For the records below, please print exactly and only the lines from the one with "<5·18민주유공자유족회 서울특별시지부>가 국회의원회관에서" down to the one with "Cavan won by", both ends included, omitting the pictures.
─── GIVEN ENTRIES ───
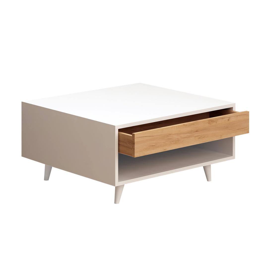 Tutvustame meie peenet kohvilauda, mis on täiuslik segu elegantsist ja funktsionaalsusest, mis muudab teie eluruumi stiiliparadiisiks. Vabastage elegantsi jõudOma elegantse disaini ja soliidse värvikontseptsiooniga lisab see kohvilaud igasse ruumi elegantsust. Tamme ja valge värvi kombinatsioon loob harmoonilise tasakaalu, mis teeb sellest mitmekülgse eseme, mis täiendab vaevata iga sisekujundust.Kogemused võrratu vastupidavusSee 100% melamiiniga kaetud puitlaastplaadist valmistatud kohvilaud on valmistatud kestma. 18 mm paksus tagab erakordse tugevuse ja vastupidavuse, mis võimaldab taluda aja katsumust. Praktilisus ja organiseeritavusSee kohvilaud on varustatud mugava sahtliga, mis pakub rohkelt hoiuruumi teie hädavajalike asjade jaoks, hoides teie elutoa segadusteta. 2-astmeline disain lisab lisafunktsionaalsust, pakkudes täiendavat pinda raamatute, ajakirjade või dekoratiivsete esemete jaoks. Kompromissitu kvaliteet ja stabiilsusTugevate plastjalgadega varustatud kohvilaud tagab stabiilsuse ja tasakaalu. Olenemata sellest, kas naudite tassi kohvi või korraldate koosviibimist, võite olla kindel, et see laud jääb kindlalt seisma, pakkudes usaldusväärset alust teie väärtuslikele hetkedele. Tehnilised üksikasjad:Materjal: Materjal: Materjal: Materjal: Materjal: Materjal: Materjal: Materjal: materjal: 100% melamiiniga kaetud puitlaastplaatPaksus: 18mmJalad: PlastistMõõdud: Laius - 80cm, kõrgus - 40cm, sügavus - 80cm.Omadused: 1 sahtli, 2-korruseline konstruktsioonVärv: Tamm ja valgeUuendage oma eluruumi meie kohvilaudadega juba täna ja andke endale täiuslik kombinatsioon stiilist, vastupidavusest ja funktsionaalsusest. Kogege rõõmu sellest, et teil on olemas ese, mis mitte ainult ei täiusta teie sisekujundust, vaid rikastab ka teie igapäevaelu. Värv: Oak White
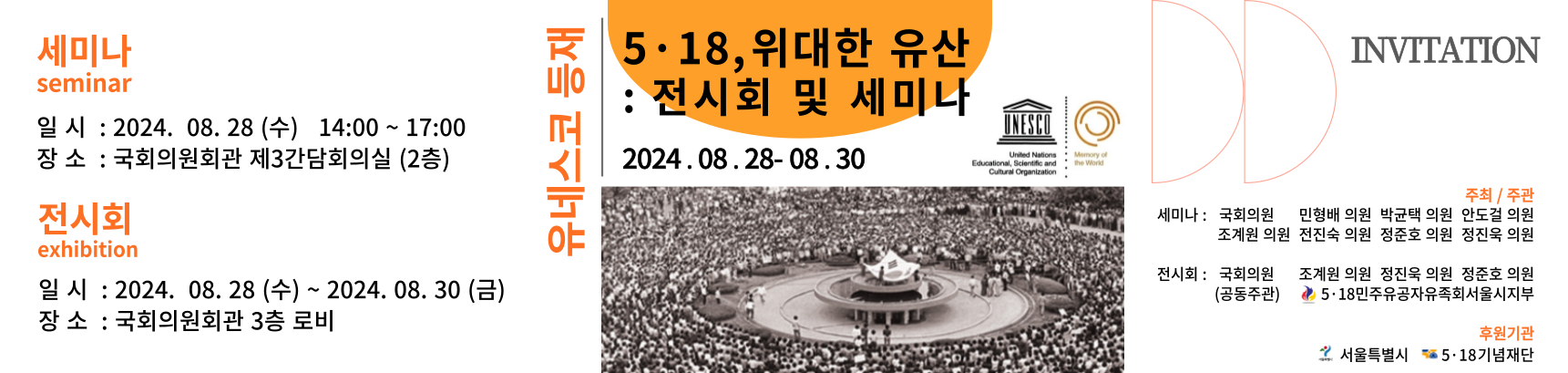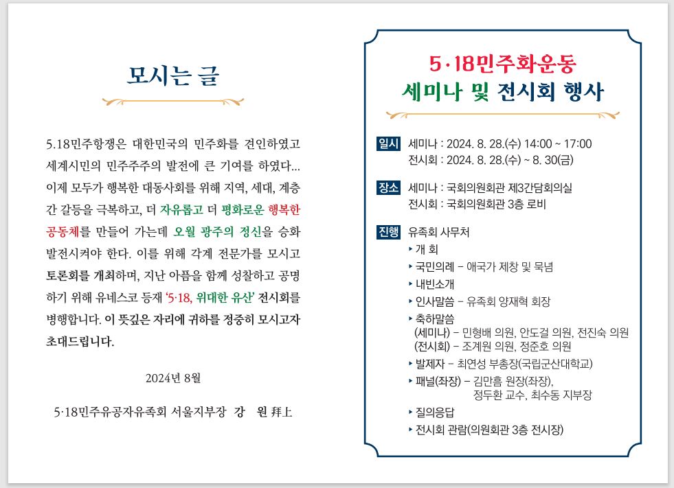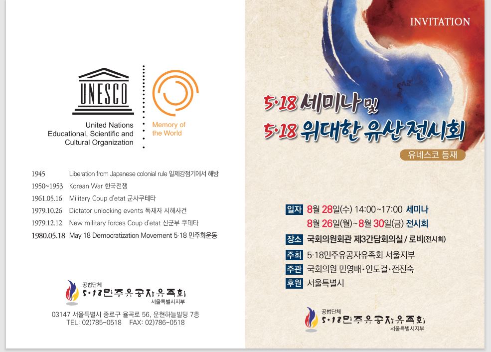 <5·18민주유공자유족회 서울특별시지부>가 국회의원회관에서 5·18기록물 유네스코 세계기록유산 등재 기념 기획전시와 '5·18을 넘어 대동사회로 가는 길'이라는 주제로 세미나를 8월 28일 각 개최합니다.
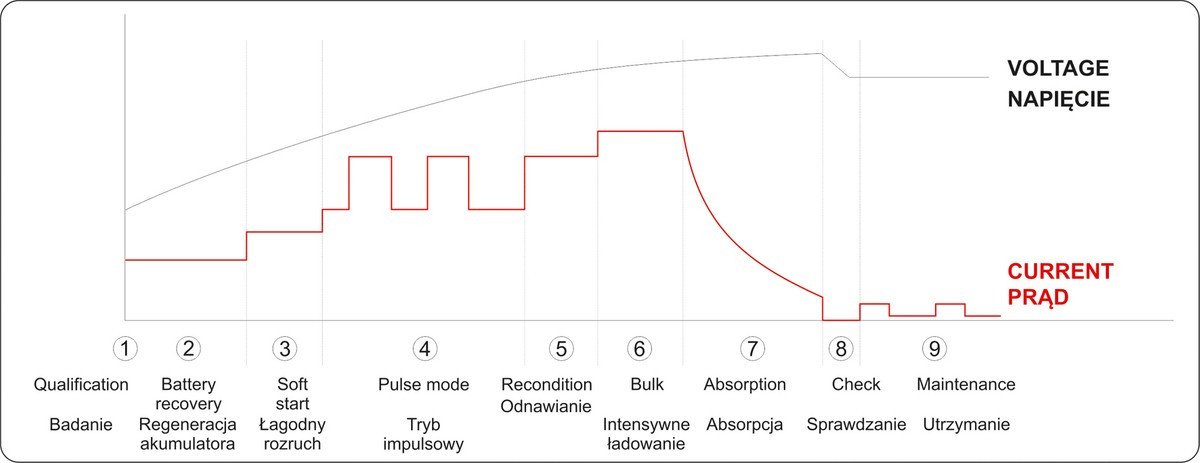 Зарядний прилад мережевий з LCD дисплеєм 230В YATO до акумуляторів 12V-2/8/15А, макс. 240AГод [8]
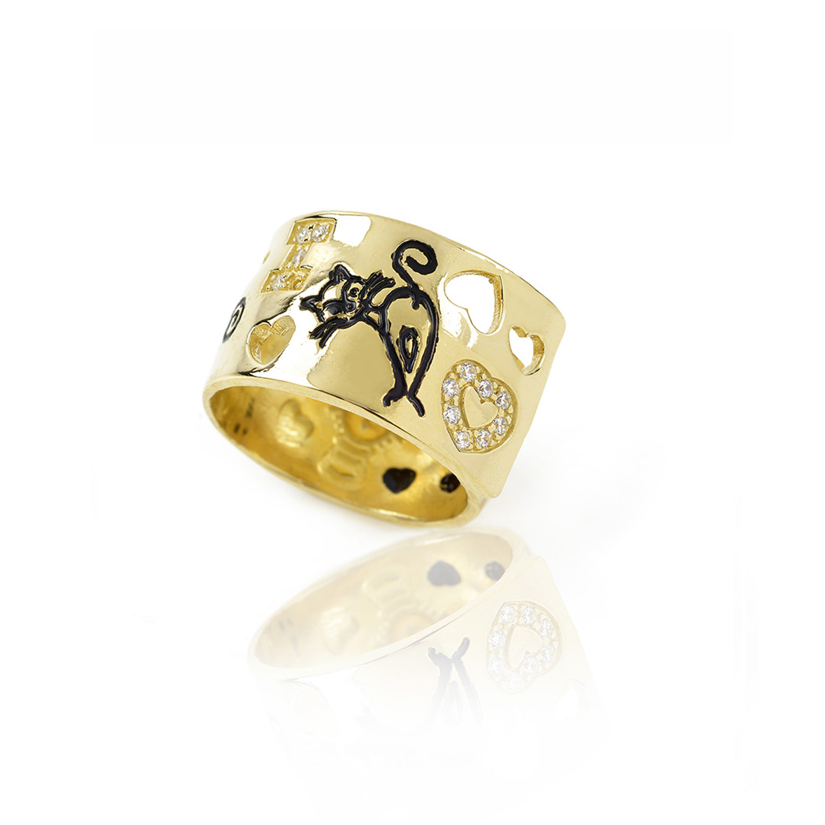 Anello in Argento 925 bagnato in Oro Giallo (18 Kt) con Cristalli Swarosky e smalto Nero
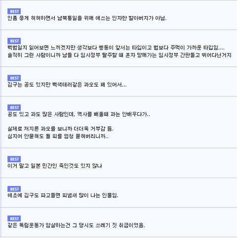 우리 역사에 가장 미화된 인물은 김구.. 일명 킬구임. 무고한 일본상인 살해 ╋ 순진한 청년들을 꾀어 독립운동한답시고 브라질 여자 살해 ╋ 광복 후 친일파들한테 뇌물 받고 정당활동 ╋ 대통령병 걸려서 좌우합작 파토내고 나라 분단시킨 원흉 ╋ 엄청난 보수주의자에 권위주의자로 혼자서 옷단추도 안 잠그고 다 비서들이 수발해줄 정도.. 엄청나게 흠집이 많은 인간인데 박정희가 쿠데타로 정권잡고 이승만 내려칠려고 일부러 김구를 엄청 미화시켰음. 물론 이승만은 김구보다 훨씬 악랄한 인간이지만 이미 많은 사람들이 그건 다 알고 있잖아. 반면에 김구 이미지 생각해봐. 역사를 제대로 알아야지
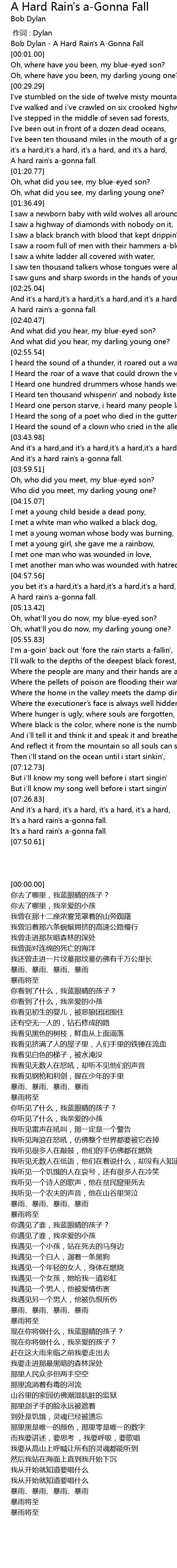 | [00:00.00] | Bob Dylan A Hard Rain' s AGonna Fall |
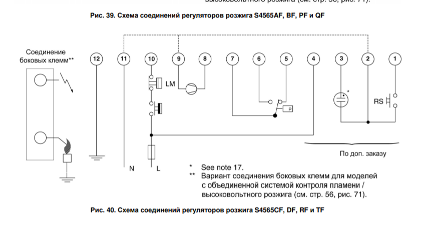 Регуляторы розжига серии S4565CF 1003 на напряжение 220/240 В~ могут непосредственно включаться в электрическую цепь газового регулятора серии VK41...
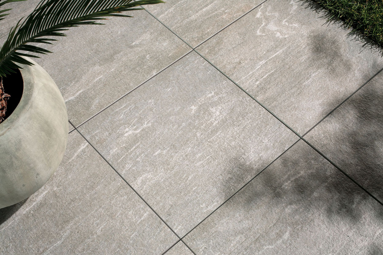 Outdoor Plus 20mm tiles are made from porcelain stoneware and can be easily laid using a variety of methods. Firstly, it eliminates the need for glue and grouting, and can be laid on gravel, lawns or even on a raised base. Of course, the traditional method of laying glue on screed is still applicable and necessary in special circumstances, such as when installing pool edges in particular.
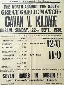 Cavan won by four points after Kildare centre back Jack Higgins was injured. The Lilywhites (Kildare) would not reach the All-Ireland final again for another sixty-three years.[1] They also lost that final, this time to Galway, in 1998.[2][3]
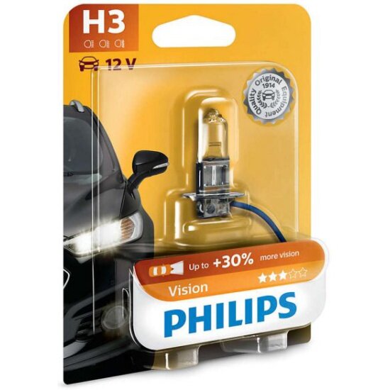 Лампа автомобильная PHILIPS Vision Premium H3 55W PK22s+30% (бл.) 12V, 1шт, 12336PRB1 информация:
───
• _ANSWER TO THIS TASK_
 <5·18민주유공자유족회 서울특별시지부>가 국회의원회관에서 5·18기록물 유네스코 세계기록유산 등재 기념 기획전시와 '5·18을 넘어 대동사회로 가는 길'이라는 주제로 세미나를 8월 28일 각 개최합니다.
 Зарядний прилад мережевий з LCD дисплеєм 230В YATO до акумуляторів 12V-2/8/15А, макс. 240AГод [8]
 Anello in Argento 925 bagnato in Oro Giallo (18 Kt) con Cristalli Swarosky e smalto Nero
 우리 역사에 가장 미화된 인물은 김구.. 일명 킬구임. 무고한 일본상인 살해 ╋ 순진한 청년들을 꾀어 독립운동한답시고 브라질 여자 살해 ╋ 광복 후 친일파들한테 뇌물 받고 정당활동 ╋ 대통령병 걸려서 좌우합작 파토내고 나라 분단시킨 원흉 ╋ 엄청난 보수주의자에 권위주의자로 혼자서 옷단추도 안 잠그고 다 비서들이 수발해줄 정도.. 엄청나게 흠집이 많은 인간인데 박정희가 쿠데타로 정권잡고 이승만 내려칠려고 일부러 김구를 엄청 미화시켰음. 물론 이승만은 김구보다 훨씬 악랄한 인간이지만 이미 많은 사람들이 그건 다 알고 있잖아. 반면에 김구 이미지 생각해봐. 역사를 제대로 알아야지
 | [00:00.00] | Bob Dylan A Hard Rain' s AGonna Fall |
 Регуляторы розжига серии S4565CF 1003 на напряжение 220/240 В~ могут непосредственно включаться в электрическую цепь газового регулятора серии VK41...
 Outdoor Plus 20mm tiles are made from porcelain stoneware and can be easily laid using a variety of methods. Firstly, it eliminates the need for glue and grouting, and can be laid on gravel, lawns or even on a raised base. Of course, the traditional method of laying glue on screed is still applicable and necessary in special circumstances, such as when installing pool edges in particular.
 Cavan won by four points after Kildare centre back Jack Higgins was injured. The Lilywhites (Kildare) would not reach the All-Ireland final again for another sixty-three years.[1] They also lost that final, this time to Galway, in 1998.[2][3]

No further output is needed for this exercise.